Cement-sand tiles were chosen to cover the roof, and therefore the weight of the roof is 50 kg/m². The total load (Q) experienced by each square meter is 303 kg/m². And for the construction of the rafter system, beams 5 cm thick are used.

The following computational steps follow from this:

1. Qr=A·Q= 0.8·303=242 kg/m - distributed load per linear meter of rafter beam.
2. H ≥ 9.5·Lmax·sqrt(Qr/B·Rben).
3. H ≥ 9.5 2.8 sqrt(242/5 140).
4. 3.125·Qr·(Lmax)³/B·H³ ≤ 1.
5. 3.125·242·(2.8)³ / 5·(17.5)³= 0.61.
6. H ≥ (approximate height of the rafter section).

In the table of standard sizes, you need to find a section height of the rafters that is close to 15.6 cm.

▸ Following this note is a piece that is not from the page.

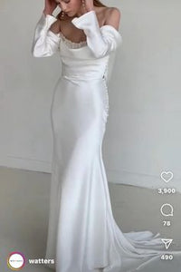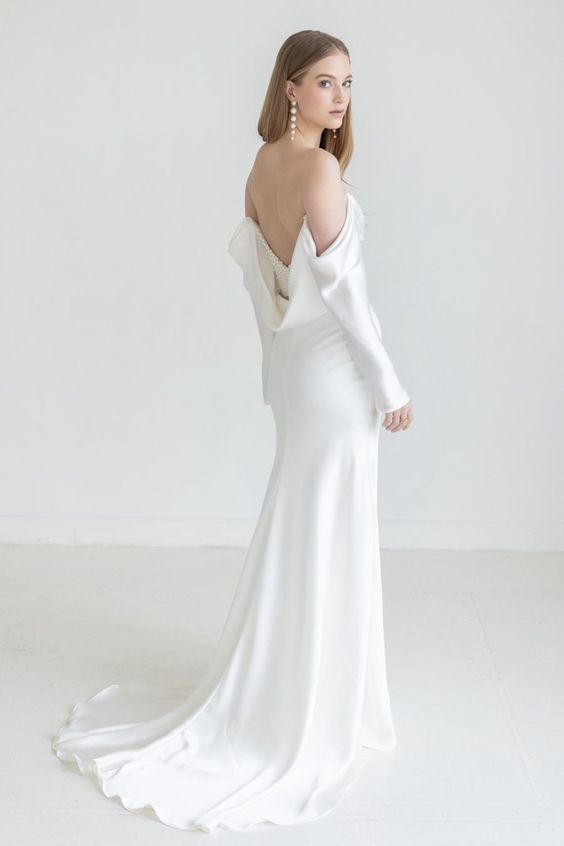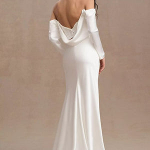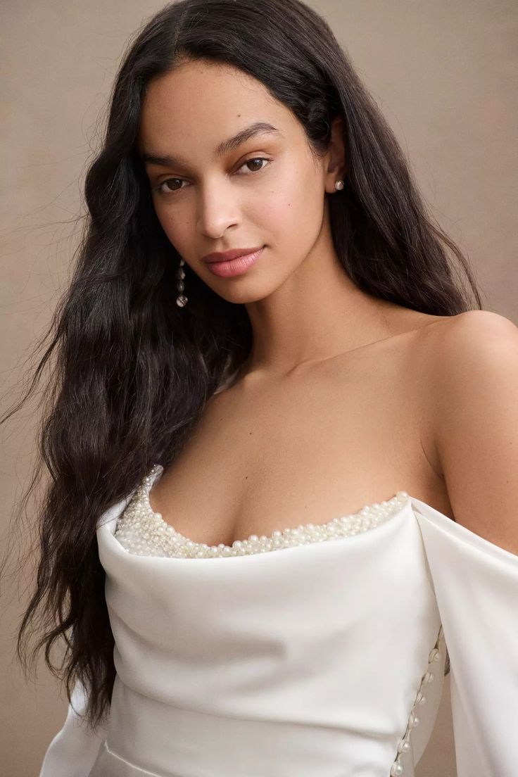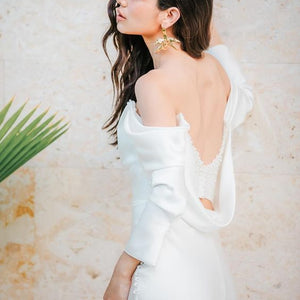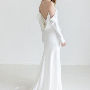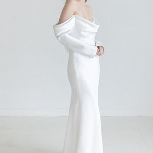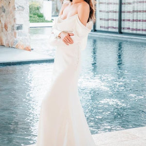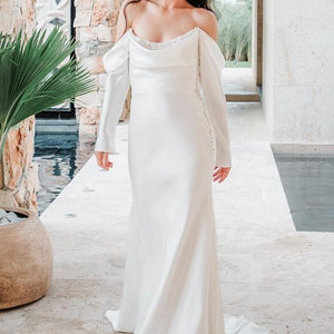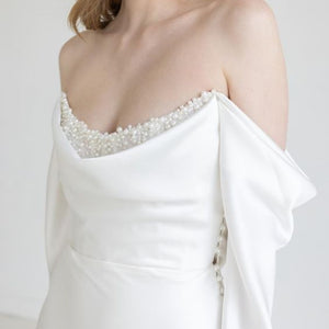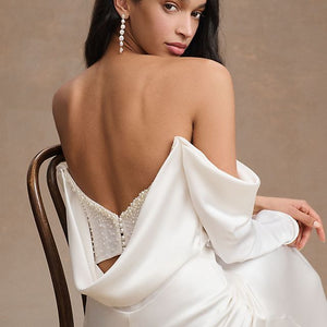 The Watters Garance Wedding Gown is distinguished by long, elegant, off-the shoulder sleeves that gently drape and cascade along the length of your arms. Finished with pearl detailing, a corset-style back, and a long, sweeping train, this sheath gown was designed for the glamour-chic bride.

A suitable parameter is 17.5 cm (with a section width of 5 cm).

This value fully corresponds to the deflection indicator in regulatory documents, and this is proven by the inequality 3.125·Qr·(Lmax)³/B·H³ ≤ 1. Substituting into it the values ​​(3.125·242·(2.8)³ / 5·(17, 5)³), we will find that 0.61< 1. Можно сделать вывод: сечение пиломатериала выбрано верно.

Video: detailed calculation of the rafter system

Calculating the rafter system of a gable roof is a whole complex of calculations. In order for the beams to cope with the task assigned to them, the builder needs to accurately determine the length, quantity and cross-section of the material, find out the load on it and find out what the pitch between the rafters should be.